When AWS is the wrong choice
I want to be fair, so let me say where I think the original author had a point without realizing it.
AWS can genuinely be a "non-optimal" choice for some workloads.
- Hobby projects you will forget about in a month.
- Single-purpose VPS workloads with predictable traffic.
- A weekend GPU experiment to play with a model.
- A static site you want to ship in fifteen minutes.
For these, AWS is overkill if you don't know what you're doing. The console is too big, the safety systems maybe too aggressive, and the egress costs can surprise you. Hetzner, Fly.io, and DigitalOcean exist for a reason, and the workloads in the list above are exactly the reason.
Pick the tool that matches the job best (and if possible, that you know very well). If you need a VPS, get a VPS. If you need to run a real product at scale with compliance, audit trails, and a hundred integrated services available when you need them, that is the AWS bet.
Summary
If I had to compress all of this into three short lines, it would be these.

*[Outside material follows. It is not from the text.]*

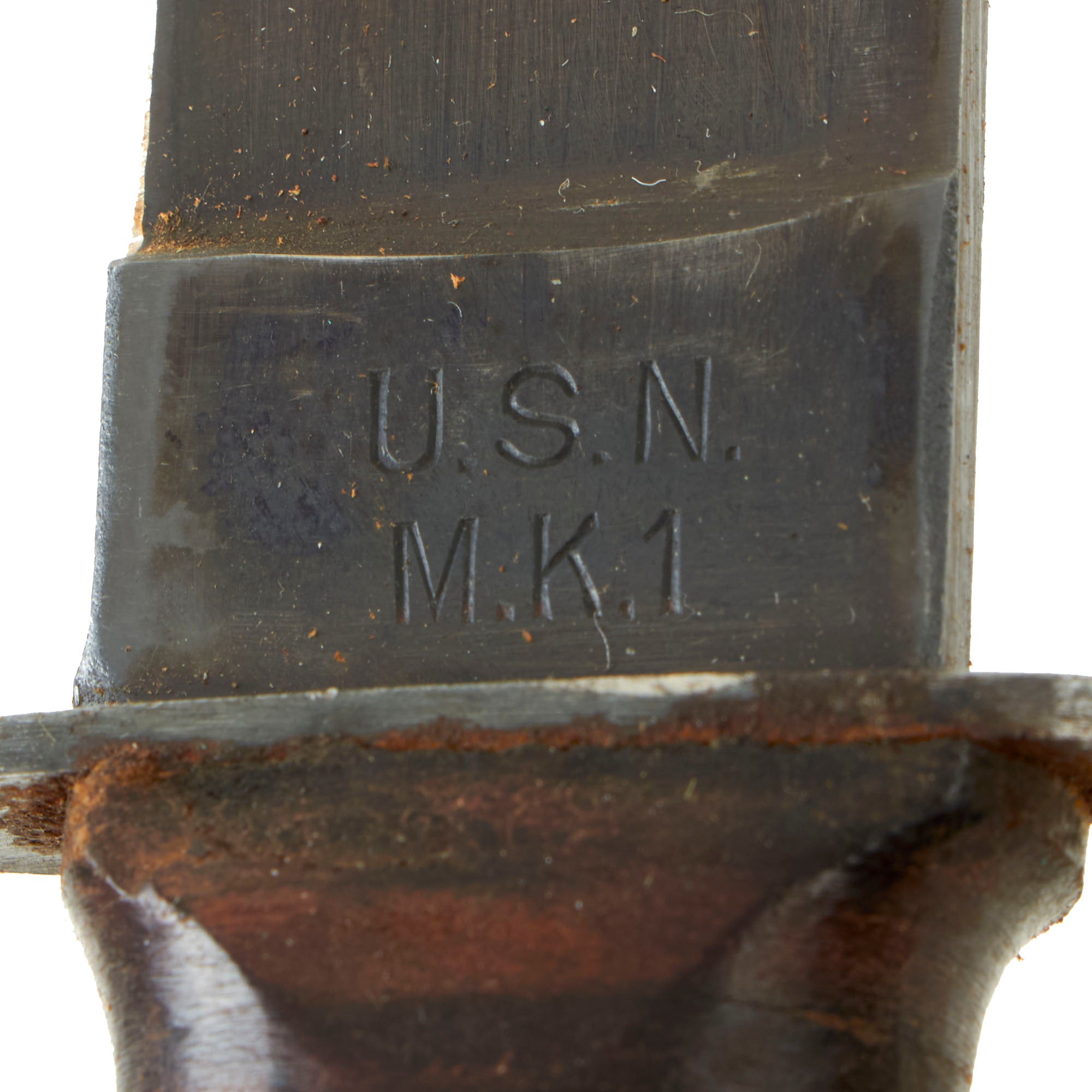 Original Item: Only One Available. The Navy MK1 knife was used as both a utility knife and a fighting weapon. While some undoubtedly saw combat, particularly with Naval Aviators, these blades were mostly used for everyday functions aboard ship and ashore. The Mark I knives were Navy issue throughout WW2 and remained in inventory through the Vietnam war. They were purchased in huge quantities so replacements were not needed for many years.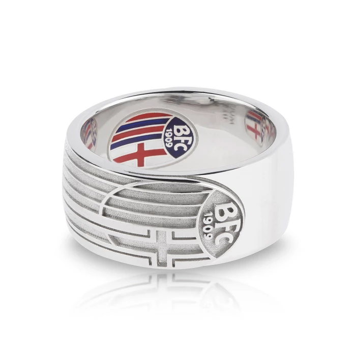 L'anello che celebra la fede per il Bologna FC. WE ARE BOLOGNA Loro la squadra, noi i tifosi, tutti insieme siamo il Bologna. Una storia centenaria che unisce innovazione e rispetto della tradizione dentro e fuori dal campo, un senso di appartenenza che ci guida nella costruzione di esperienze emozionanti e che non ci fa mai sentire soli. Il design del gioiello racconta un simbolo di appartenenza rimasto immutato nel tempo. Lo stemma, di forma ovale, è protagonista indiscusso. In alto, ben visibile, la sigla BFC e l'anno di fondazione (1909) della squadra. Sulla destra la croce bordata che richiama la storia della grande città di Bologna. Un emblema che diventa simbolo di fede sportiva, un segno di riconoscimento ricco di grandi soddisfazioni da ricordare, unito ad una storia ancora tutta da scrivere insieme. Purezza, linearità e cuore rossoblù si fondono “nell’unico grande rito rimasto al nostro tempo”. Argento 925 rodiato. Su prenotazione. L'ordine verrà evaso entro 7/10 giorni.CORDINO IN OMAGGIO

Use the right tool for the right job. AWS is built for production at scale through IaC, so for a one-off GPU experiment or a hobby site, something smaller will serve you better.
Read the manual. Most of the surprises in the original post are documented behavior: DynamoDB pricing follows access patterns, Basic Support has no SLA, quotas exist for a reason. None of this is hidden.
Check your facts. "AWS stomped on open source" reads very differently once you look at the license changes that came first. A bit of context goes a long way before publishing a takedown.
Egress pricing is the one real point where AWS is clearly at fault and it stands. Everything else mostly goes away once you pick the right tool, read the docs, and double-check the story before you tell it.